Forse potremmo chiederci: possiamo noi, con i nostri limiti, con la nostra debolezza, tendere così in alto? La Chiesa, durante l’Anno Liturgico, ci invita a fare memoria di una schiera di Santi, di coloro, cioè, che hanno vissuto pienamente la carità, hanno saputo amare e seguire Cristo nella loro vita quotidiana. Essi ci dicono che è possibile per tutti percorrere questa strada. In ogni epoca della storia della Chiesa, ad ogni latitudine della geografia del mondo, i Santi appartengono a tutte le età e ad ogni stato di vita, sono volti concreti di ogni popolo, lingua e nazione. E sono tipi molto diversi. In realtà devo dire che anche per la mia fede personale molti santi, non tutti, sono vere stelle nel firmamento della storia. E vorrei aggiungere che per me non solo alcuni grandi santi che amo e che conosco bene sono “indicatori di strada”, ma proprio anche i santi semplici, cioè le persone buone che vedo nella mia vita, che non saranno mai canonizzate. Sono persone normali, per così dire, senza eroismo visibile, ma nella loro bontà di ogni giorno vedo la verità della fede. Questa bontà, che hanno maturato nella fede della Chiesa, è per me la più sicura apologia del cristianesimo e il segno di dove sia la verità.
Nella comunione dei Santi, canonizzati e non canonizzati, che la Chiesa vive grazie a Cristo in tutti i suoi membri, noi godiamo della loro presenza e della loro compagnia e coltiviamo la ferma speranza di poter imitare il loro cammino e condividere un giorno la stessa vita beata, la vita eterna.
Come è grande e bella, e anche semplice, la vocazione cristiana vista in questa luce!

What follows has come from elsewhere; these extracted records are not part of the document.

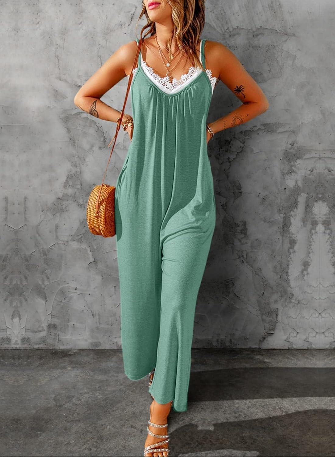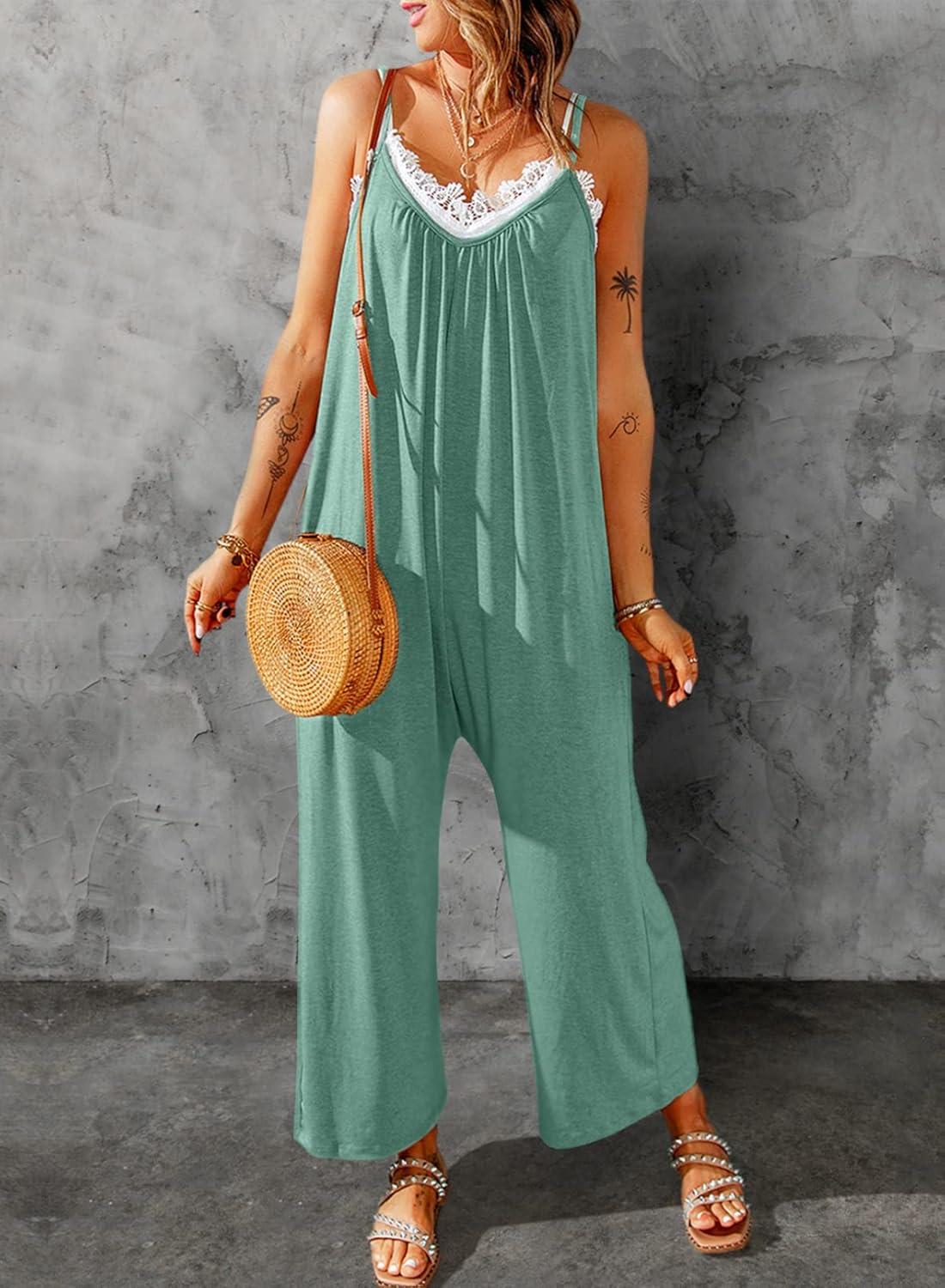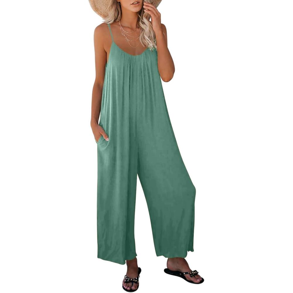 Dokotoo Women’s Loose Sleeveless Jumpsuits Adjustable Spaghetti Strap Stretchy Long Pant Romper Jumpsuit with Pockets(A Mint Green 2)
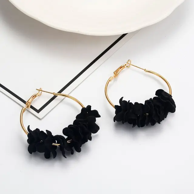 • Fashion Fabric Flower Drop Earrings For Women Statement Colorful Petal Circle Big Fancy Earring Jewelry
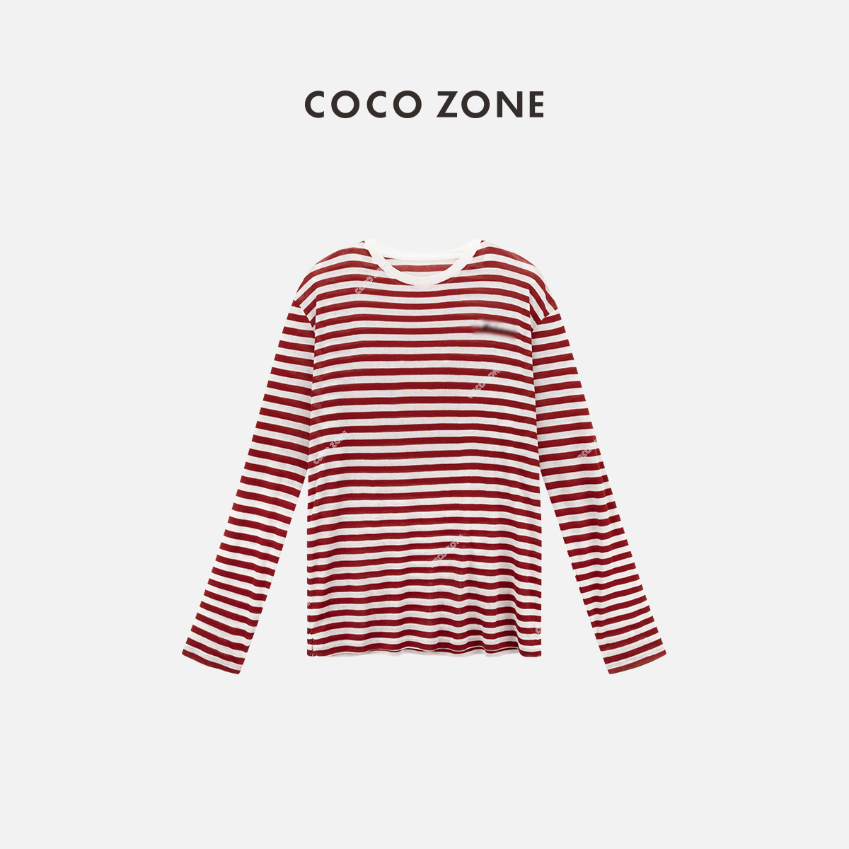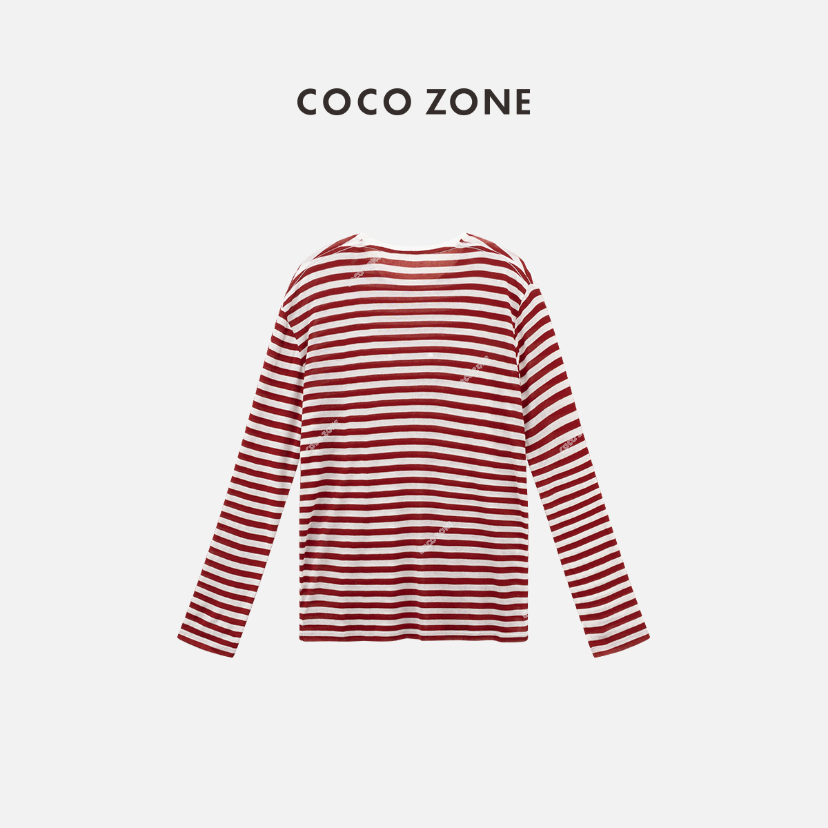 COCO ZONE夏季拼色条纹圆领长袖针织衫百搭休闲套头上衣CC2B0604
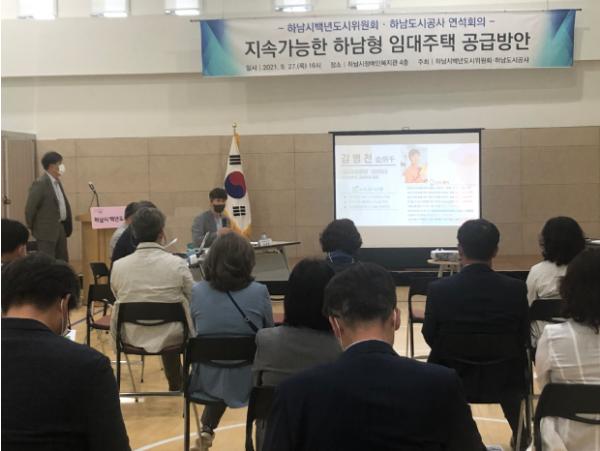 [한국뉴스타임=명기자] 하남시는 27일 장애인복지관 대강당에서 ‘지속가능한 하남형 임대주택 공급’주제로 백년도시위원회 연석회의가 개최됐다고 밝혔다.
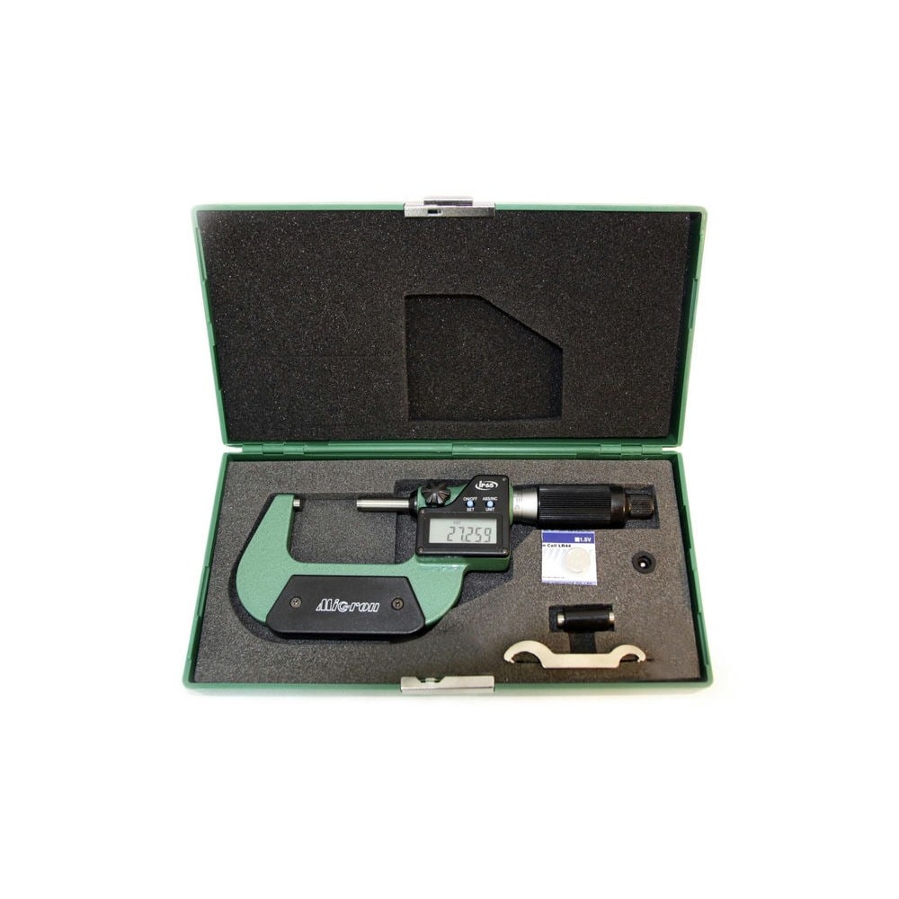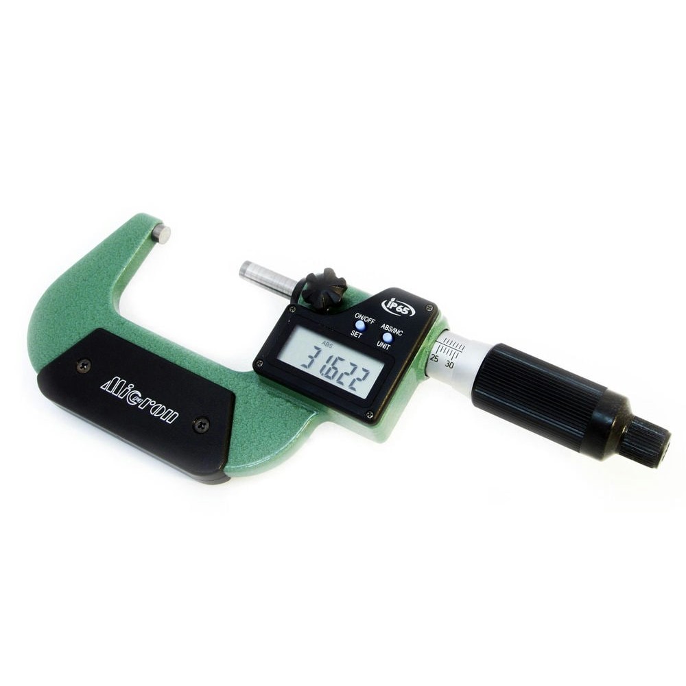 Микрометр МКЦ- 25 0,001 электр. в/защищ. МИК PRO - цифровые микрометры для измерения наружных линейных поверхностей. Используется в области малых размеров с низкой погрешностью (от 2 мкм до 50 мкм в зависимости от класса точности инструмента и измеряемых диапазонов). Преобразовательным механизмом микрометра является микропара винт-гайка. Принцип измерения микрометром построен на перемещение винта вдоль оси при вращении его в неподвижной гайке. Считывание показаний происходит по средствам электронного дисплея, куда они выводятся в готовом виде. Цифровой блок обладает функцией установки инструмента на ‘’нуль’’ и смены системы исчисления с метрической на дюймовую.

Tutti siamo chiamati alla santità: è la misura stessa della vita cristiana. Ancora una volta san Paolo lo esprime con grande intensità, quando scrive: “A ciascuno di noi è stata data la grazia secondo la misura del dono di Cristo… Egli ha dato ad alcuni di essere apostoli, ad altri di essere profeti, ad altri ancora di essere evangelisti, ad altri di essere pastori e maestri, per preparare i fratelli a compiere il ministero, allo scopo di edificare il corpo di Cristo, finché arriviamo tutti all’unità della fede e della conoscenza del Figlio di Dio, fino all’uomo perfetto, fino a raggiungere la misura della pienezza di Cristo” (Ef 4,7.11-13). Vorrei invitare tutti ad aprirsi all’azione dello Spirito Santo, che trasforma la nostra vita, per essere anche noi come tessere del grande mosaico di santità che Dio va creando nella storia, perché il volto di Cristo splenda nella pienezza del suo fulgore. Non abbiamo paura di tendere verso l’alto, verso le altezze di Dio; non abbiamo paura che Dio ci chieda troppo, ma lasciamoci guidare in ogni azione quotidiana dalla sua Parola, anche se ci sentiamo poveri, inadeguati, peccatori: sarà Lui a trasformarci secondo il suo amore»[4].


NOTE

[1] Santo, Enciclopedia Treccani on line.

[2] Karol Wojtyla - Giovanni Paolo II, Sono tutto nelle mani di Dio. Appunti personali 1962 - 2003, Libreria Editrice Vaticana,  2014, p. 28.

[3] Giovanni Paolo II, Udienza Generale, 14 febbraio 2001.

[4] Benedetto XVI, Udienza Generale, 13 aprile 2011.